Workshops were to be renovated and a chapel to be constructed. H.E. found a greater degree of sickness than he expected; inspection of the bread proved it to be slightly sour and unwholesome, the method of making it should be improved. Boys should have school instruction but not spend an undue proportion of time on it. Convicts’ hair was to be kept short. More vegetables should be grown for food. Grass Tree Hill was less satisfactory.
Marriage
Booth was married Elizabeth Eagle in Hobart on 20 November 1838. They had two daughters together.

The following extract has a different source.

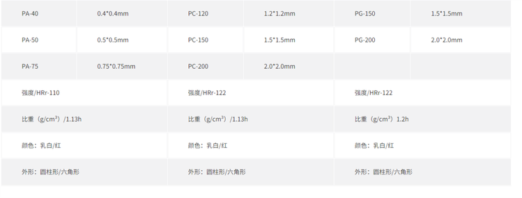 体积密度(g/cm3) | 0.93-0.96 | ||

Thomas Lempriére, Port Arthur’s commissariat officer between 1833 and 1849, described Elizabeth as “the most perfect beauty I have ever seen.”
Lost in the bush
In 1838, Booth became lost in the bush.
By the time a search party was deployed, he had spent three nights in cold, wet weather. He was frostbitten and weak when he was eventually found.
Later life and death
Booth never fully recovered from his ordeal in the bush. He resigned from the army in 1839, but remained at Port Arthur until 1844, when he accepted the less demanding job of superintendent of the Queen’s Orphan School in New Town.
He died of a heart attack on 11 August 1851.
Elizabeth asked the British Army for a widow’s pension, but was refused. She eventually became a school matron and passed away in 1903 at the age of 84.
Fun fact
A portrait of Charles O’Hara Booth is on display at the Tasmanian Museum and Art Gallery.